### What you have to do
Give the data again exactly, without images.

Records from a data collection
====

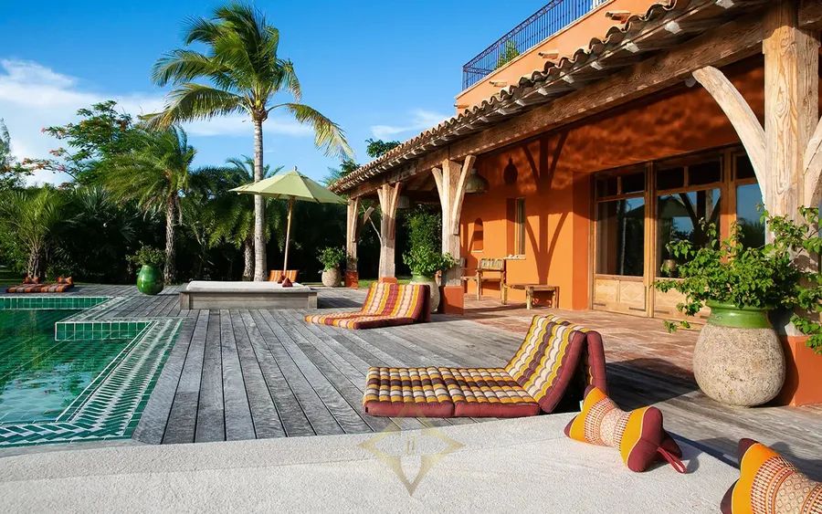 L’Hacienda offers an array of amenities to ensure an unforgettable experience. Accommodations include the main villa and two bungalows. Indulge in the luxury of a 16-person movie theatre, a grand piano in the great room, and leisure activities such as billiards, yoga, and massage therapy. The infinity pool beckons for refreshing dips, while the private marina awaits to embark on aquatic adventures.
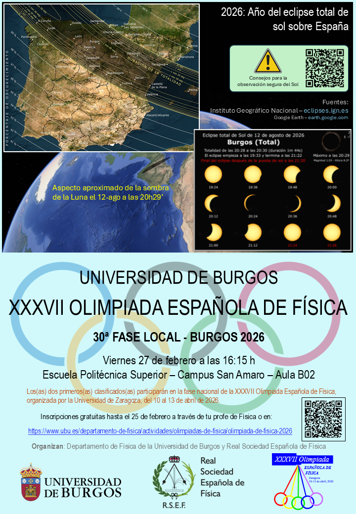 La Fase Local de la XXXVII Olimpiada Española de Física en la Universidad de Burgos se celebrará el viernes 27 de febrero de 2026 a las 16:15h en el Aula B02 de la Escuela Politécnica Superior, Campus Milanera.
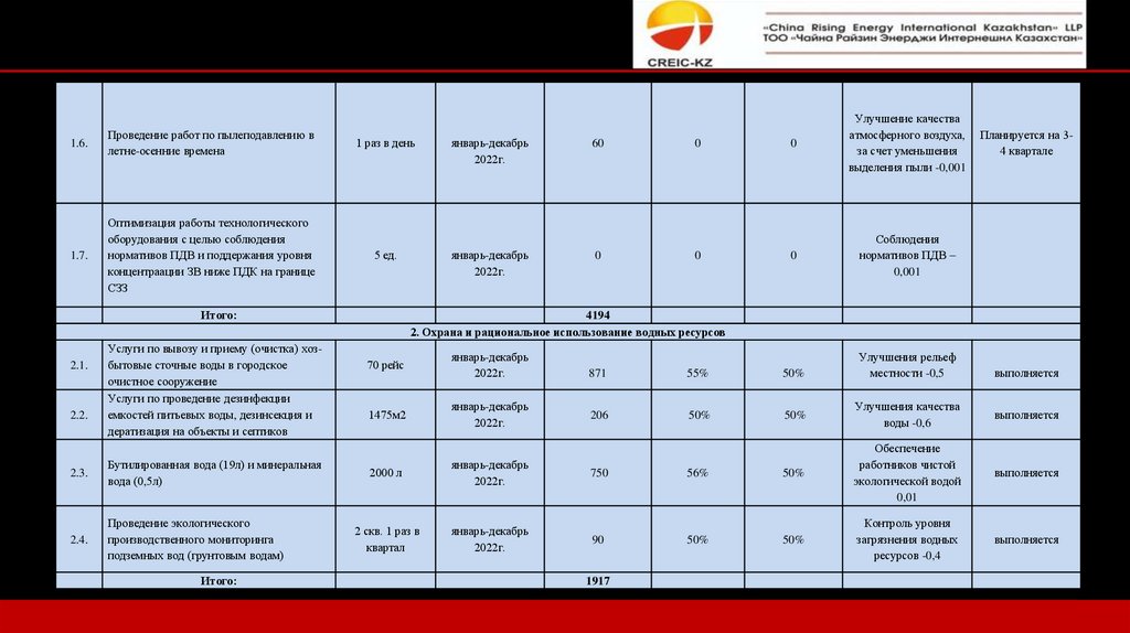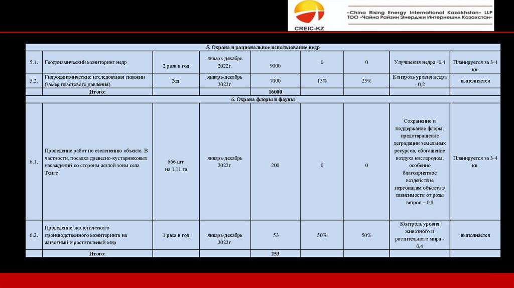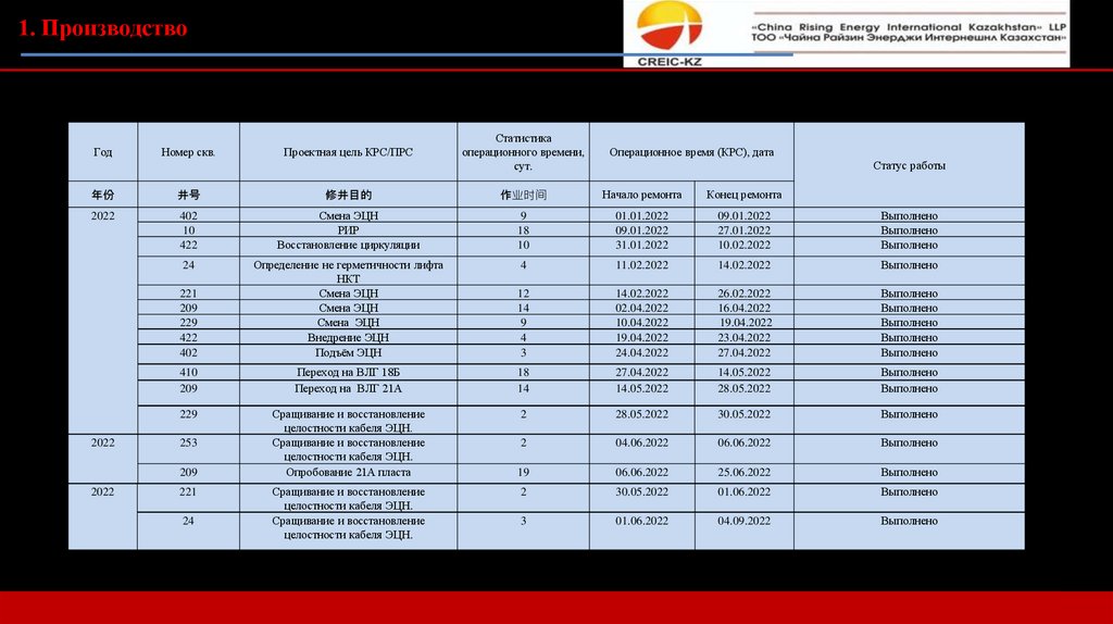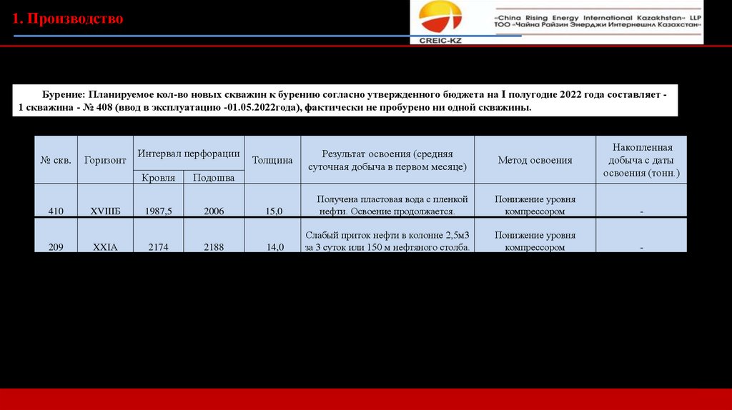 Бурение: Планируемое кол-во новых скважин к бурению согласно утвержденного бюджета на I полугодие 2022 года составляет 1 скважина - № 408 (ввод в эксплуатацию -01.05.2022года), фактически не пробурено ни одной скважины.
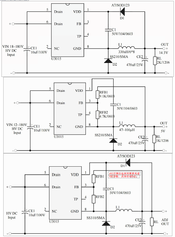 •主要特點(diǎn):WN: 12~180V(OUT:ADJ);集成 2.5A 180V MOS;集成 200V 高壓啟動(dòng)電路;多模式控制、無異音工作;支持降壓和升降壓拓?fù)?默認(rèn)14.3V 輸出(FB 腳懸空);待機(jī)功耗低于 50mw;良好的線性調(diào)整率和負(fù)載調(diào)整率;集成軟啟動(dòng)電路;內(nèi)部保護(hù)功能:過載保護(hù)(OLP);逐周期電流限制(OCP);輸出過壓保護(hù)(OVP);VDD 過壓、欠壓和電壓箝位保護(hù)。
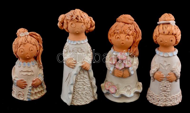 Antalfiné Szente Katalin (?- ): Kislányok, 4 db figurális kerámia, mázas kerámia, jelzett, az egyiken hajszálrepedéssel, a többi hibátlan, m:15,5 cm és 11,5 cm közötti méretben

====

### Task answer
 L’Hacienda offers an array of amenities to ensure an unforgettable experience. Accommodations include the main villa and two bungalows. Indulge in the luxury of a 16-person movie theatre, a grand piano in the great room, and leisure activities such as billiards, yoga, and massage therapy. The infinity pool beckons for refreshing dips, while the private marina awaits to embark on aquatic adventures.
 La Fase Local de la XXXVII Olimpiada Española de Física en la Universidad de Burgos se celebrará el viernes 27 de febrero de 2026 a las 16:15h en el Aula B02 de la Escuela Politécnica Superior, Campus Milanera.
 Бурение: Планируемое кол-во новых скважин к бурению согласно утвержденного бюджета на I полугодие 2022 года составляет 1 скважина - № 408 (ввод в эксплуатацию -01.05.2022года), фактически не пробурено ни одной скважины.
 •主要特點(diǎn):WN: 12~180V(OUT:ADJ);集成 2.5A 180V MOS;集成 200V 高壓啟動(dòng)電路;多模式控制、無異音工作;支持降壓和升降壓拓?fù)?默認(rèn)14.3V 輸出(FB 腳懸空);待機(jī)功耗低于 50mw;良好的線性調(diào)整率和負(fù)載調(diào)整率;集成軟啟動(dòng)電路;內(nèi)部保護(hù)功能:過載保護(hù)(OLP);逐周期電流限制(OCP);輸出過壓保護(hù)(OVP);VDD 過壓、欠壓和電壓箝位保護(hù)。
 Antalfiné Szente Katalin (?- ): Kislányok, 4 db figurális kerámia, mázas kerámia, jelzett, az egyiken hajszálrepedéssel, a többi hibátlan, m:15,5 cm és 11,5 cm közötti méretben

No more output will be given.